Mas esse não é o único local que guarda lembranças dessa época. Pensando nisso e com o objetivo de não deixar a história que envolve a ditadura se apagar, uma estudante da Universidade Federal do Rio Grande do Sul resolveu criar um mapa interativo listando todos os pontos da cidade que possuem alguma ligação com o regime militar. Anita Natividade Carneiro é historiadora e realiza pesquisas na área.

Conforme a estudante, a ideia de criar o mapa digital surgiu em uma disciplina da universidade. “Ele começou com alguns poucos lugares, fui pesquisando em reportagens, artigos, trabalhos acadêmicos, depois fui unindo com documentários, imagens, músicas e outras coisas”, diz. O trabalho acabou ganhando grandes proporções quando pessoas começaram a informar novos locais através de um formulário disponibilizado na plataforma.

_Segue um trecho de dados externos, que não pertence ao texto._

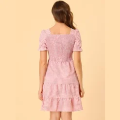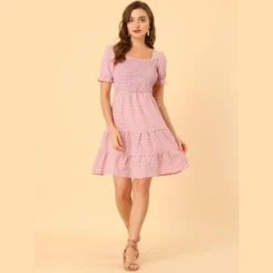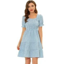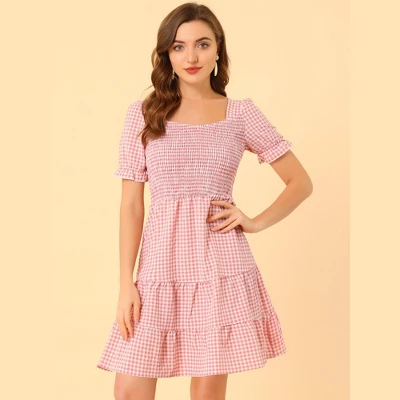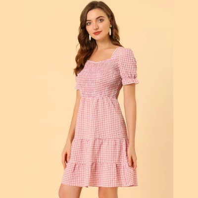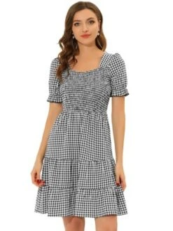 - Dreamy gingham and ruffled hem bring casual romance to a puff-sleeve dress. Perfect style with high heels for a cute look
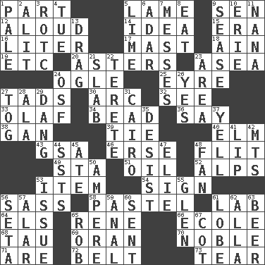 ACROSS 1. Role in a play 5. Unable to walk 9. Elected rep. 12. Verbally 14. It may be bright or harebrained 15. Period 16. 61 cubic inches 17. Vertical spar for supporting sails 18. The 18th letter of the Arabic alphabet 19. And so on (abbr.) 20. Michaelmas daisies 23. At sea 24. Stare 25. Jane of fiction 27. Bits 30. Curve 32. Perceive with the eye 33. Norwegian king 34. Necklace unit 36. Declare 38. Separate the seeds from cotton 39. Make a knot 40. Shade tree 43. Girls' org. (abbr.) 46. Celtic language 48. Sudden quick movement 49. R.R. building 51. Lubricate 52. High mountains 53. A whole individual unit 54. Omen 56. Backtalk 58. Soft color 61. Experiment locale 64. Raised railways 65. French philosopher Descartes 66. Learning spot: Fr. 68. The 19th letter of the Greek alphabet 69. Northwest Algerian city 70. Impressive in appearance 71. "We ___ not amused" (Victoria) 72. Waist strap 73. Pull into pieces DOWN 1. Diluted with white 2. Set down 3. College mil. group 4. Third day of the wk. 5. Welles in "The Third Man" 6. The sixth month of the Jewish calendar 7. Makes clutter 8. Ingest 9. Gospel singer Marvin 10. One of the Great Lakes 11. Grandmother 13. To trail on the ground 21. Broad, flat, thick piece 22. Cylindrical with tapered ends 23. Type of rug 24. Order of Saint Francis (abbr.) 26. Affirmative reply 27. Coat; cloak 28. In the manner of 29. Mild oath, euphamism for damn 31. Capital of Egypt 35. Stop 37. Shout 41. Mouth edge 42. Mountains (abbr.) 44. Fast planes 45. Had dinner 47. Writer Wiesel 48. Avid follower 50. Electrical Unit 53. Come out of 55. Small, secluded valley 56. Bristle 57. Having or resembling wings 59. Of or related to the anus 60. Emitted 61. Ear part 62. Silent film actress Nazimova 63. Fermented drink made from hops 65. Director Reiner 67. Small bed

Segundo Anita, a ferramenta criada em cima do Google Maps é interativa e aberta para que as pessoas acrescentem mais informações e locais relacionados. “Eu digo que ele está sempre em construção, nunca está pronto na verdade, desde 2016 vem sendo atualizado. Hoje estou ampliando o trabalho com a bolsa de iniciação científica para mapear todo o Rio Grande do Sul”, conta.

Além do mapa, a estudante também administra um perfil na rede social Instagram, onde posta fotos dos locais ligados à ditadura.“Basicamente eu vou nos lugares do mapa, tiro fotos e posto no Instagram com as informações que já constavam no mapa originalmente. Nas sextas-feiras eu coloco dicas de leitura. Fiz recentemente vídeos e stories sobre o Enem, já que a ditadura caiu no Enem. Estou com um projeto sobre personalidades negras ligadas à ditadura, e também estou fazendo uma série de vídeos para o IG TV sobre mitos da ditadura”, revela.

Para Anita, o mapa é uma importante trabalho que pode ser utilizado até mesmo em sala de aula no ensino da história. “O mapa Caminhos da Ditadura objetiva vencer esse esquecimento na cidade de Porto Alegre, alcançando, quem sabe, aqueles que um dia poderão fazer justiça”, afirma.